— Оба? — прервала я ее. — Я полагала, что их трое.
— Интересно… Да, вроде бы ты права… Или нет? Или? Кто, по-твоему, третий?
— Я пока с ними не знакома. — Я тоже попыталась улыбнуться, располагающе, но мне было, признаться, не до смеха. Живет в этом доме не со вчерашнего дня, а гадает, сколько в нем жильцов, притом, что их не десятки, а всего двое или трое… Ну как это можно объяснить?
— Слуга сказал мне, что они уехали в город. «Все трое», так он выразился.
— Ага! Наш дорогой, невнимательный, но в неизменном белом халате и вечно глухой Арнольд!
— Я с ним сама чуть не оглохла… — вставила я. — В том смысле, я не могла ослышаться. Он кричал как на митинге…
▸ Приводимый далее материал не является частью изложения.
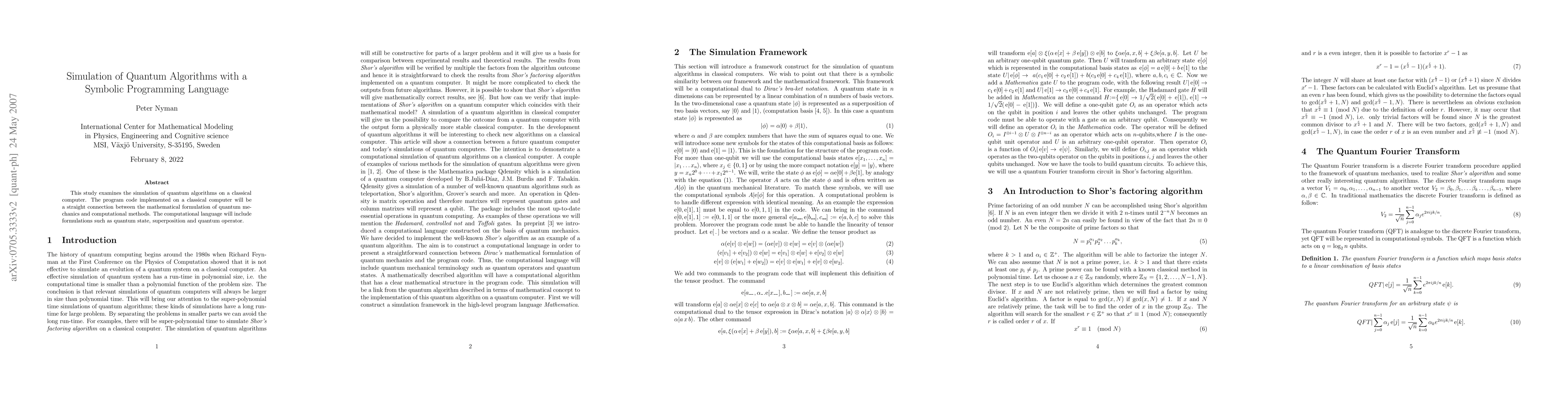 This study explores simulating quantum algorithms on classical computers using a symbolic programming language that directly translates quantum mechanics principles into computational methods, incorporating concepts like quantum state, superposition, and quantum operators.

— Будь спокойна. Когда хозяйка дома, ты от него ни звука не услышишь. Она не разрешает ему говорить, без крайней необходимости, естественно… Но этим вечером… — Тина задумчиво провела ладонью по лбу, очень, впрочем, низкому, с ниспадавшим посредине большим клином волос, а глаза ее, водянистые, почти бесцветные, понемногу сделались круглыми, как у человека чем-то сильно удивленного, но не понимающего чем. — Этим вечером… — повторила она. — Вспомнила! Они все уехали! Что означает, что мы здесь одни с тобой, миленькая, ты и я! Мда-а, если не считать глухого слуги и того старика, который не может встать с постели, мы двое совсем одни во всем доме. Во всех трех домах, и в парке, и на многие километры в округе. Ажжж до самого городка!
«Совсем одни». И как она это произнесла… Многозначительно? Угрожающе? От страха мурашки побежали у меня по телу. В отличие от большинства беременных Тина абсолютно не выглядела беззащитной. Как раз наоборот. Особенно в данный момент в широком мужском халате вид у нее был внушительный. Рослая женщина. Сильная. А то, что было бы явным преувеличением назвать ее «нормальной», так это тоже было очевидно.
— Ладно, миленькая, раздевайся и мойся! У меня в комнате найдется что поесть. Арнольд вряд ли позаботился о том, чтобы ты поужинала.
— Я поужинала в ресторане на вокзале, — солгала я. — Я не голодна.
— Неужели? — Ее тонкие, по-видимому выщипанные брови полезли вверх, пожалуй, в выражении чего-то вроде удивления. — Жалко. Жалко и то, что мы не сможем по-настоящему познакомиться. Неделя-две не такое уж большое время. Жалко, жалко, жалко…
Вдруг она совершенно неожиданно со всего размаха ударила себя в живот. Кулак ее провалился в него… почти по кисть! И отскочил обратно.
— Ооо! — простонала я изумленно. — Не надо так… повредите ребенку!
— Ну уж! Он здоров как… Бог знает кто. Или что ? Не вредно ли это мне, вот в чем вопрос. Но в одном можно быть уверенным: я никогда не буду стричь ему волосы. Особенно… если будет девочка.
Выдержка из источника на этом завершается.